START PROVIDED RECORDS

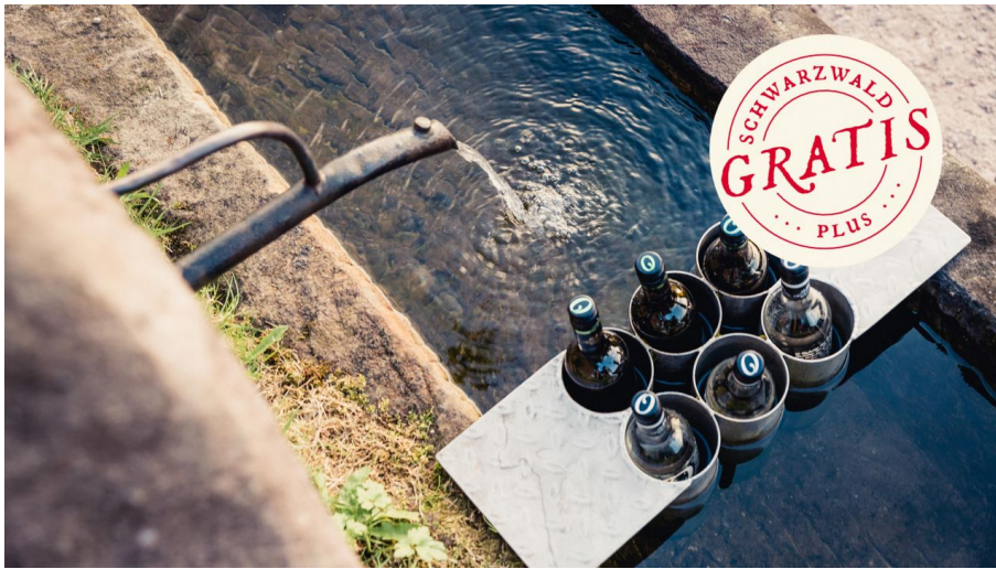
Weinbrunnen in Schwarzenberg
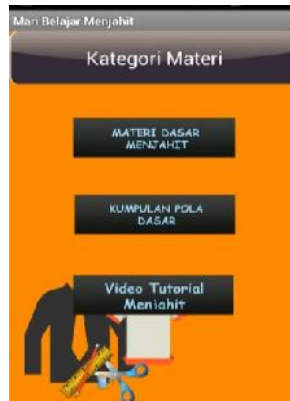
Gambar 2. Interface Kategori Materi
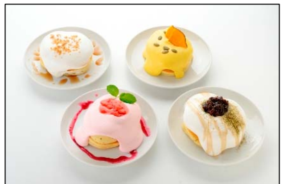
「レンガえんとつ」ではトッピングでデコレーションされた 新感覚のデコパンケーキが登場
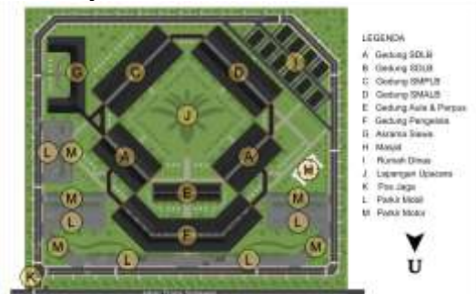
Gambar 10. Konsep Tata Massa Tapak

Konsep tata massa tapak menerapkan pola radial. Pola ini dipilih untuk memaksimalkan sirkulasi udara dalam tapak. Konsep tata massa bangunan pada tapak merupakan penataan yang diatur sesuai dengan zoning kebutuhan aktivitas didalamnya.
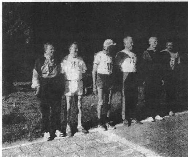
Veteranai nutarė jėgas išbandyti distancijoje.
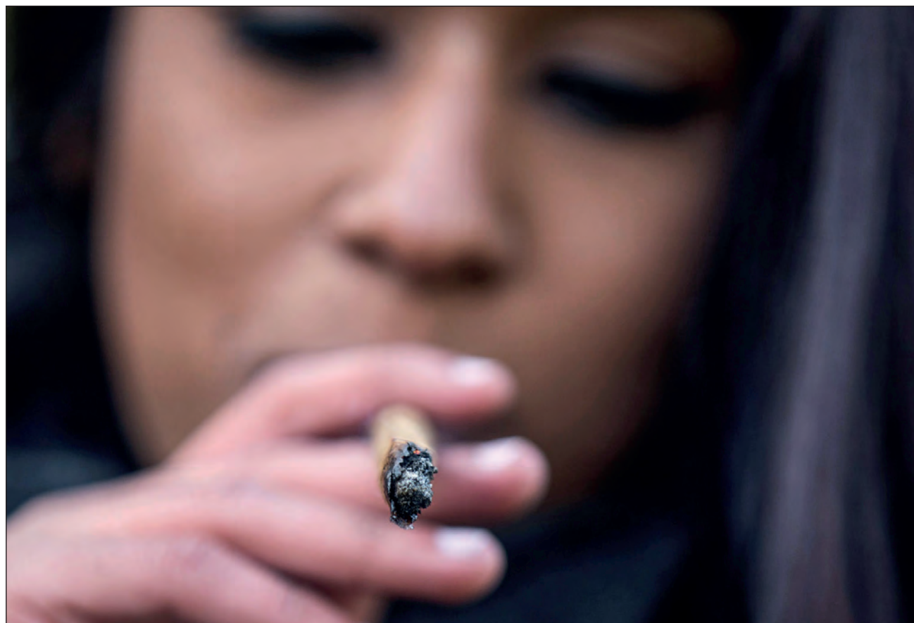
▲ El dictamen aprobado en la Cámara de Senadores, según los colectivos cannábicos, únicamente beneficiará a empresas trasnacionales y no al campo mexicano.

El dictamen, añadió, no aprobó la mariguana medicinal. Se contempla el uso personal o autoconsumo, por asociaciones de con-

END PROVIDED RECORDS

* _EXERCISE GOAL_
Write the entries above out again exactly, omitting each image.

* _REPLY_
Weinbrunnen in Schwarzenberg
Gambar 2. Interface Kategori Materi
「レンガえんとつ」ではトッピングでデコレーションされた 新感覚のデコパンケーキが登場
Gambar 10. Konsep Tata Massa Tapak

Konsep tata massa tapak menerapkan pola radial. Pola ini dipilih untuk memaksimalkan sirkulasi udara dalam tapak. Konsep tata massa bangunan pada tapak merupakan penataan yang diatur sesuai dengan zoning kebutuhan aktivitas didalamnya.
Veteranai nutarė jėgas išbandyti distancijoje.
▲ El dictamen aprobado en la Cámara de Senadores, según los colectivos cannábicos, únicamente beneficiará a empresas trasnacionales y no al campo mexicano.

El dictamen, añadió, no aprobó la mariguana medicinal. Se contempla el uso personal o autoconsumo, por asociaciones de con-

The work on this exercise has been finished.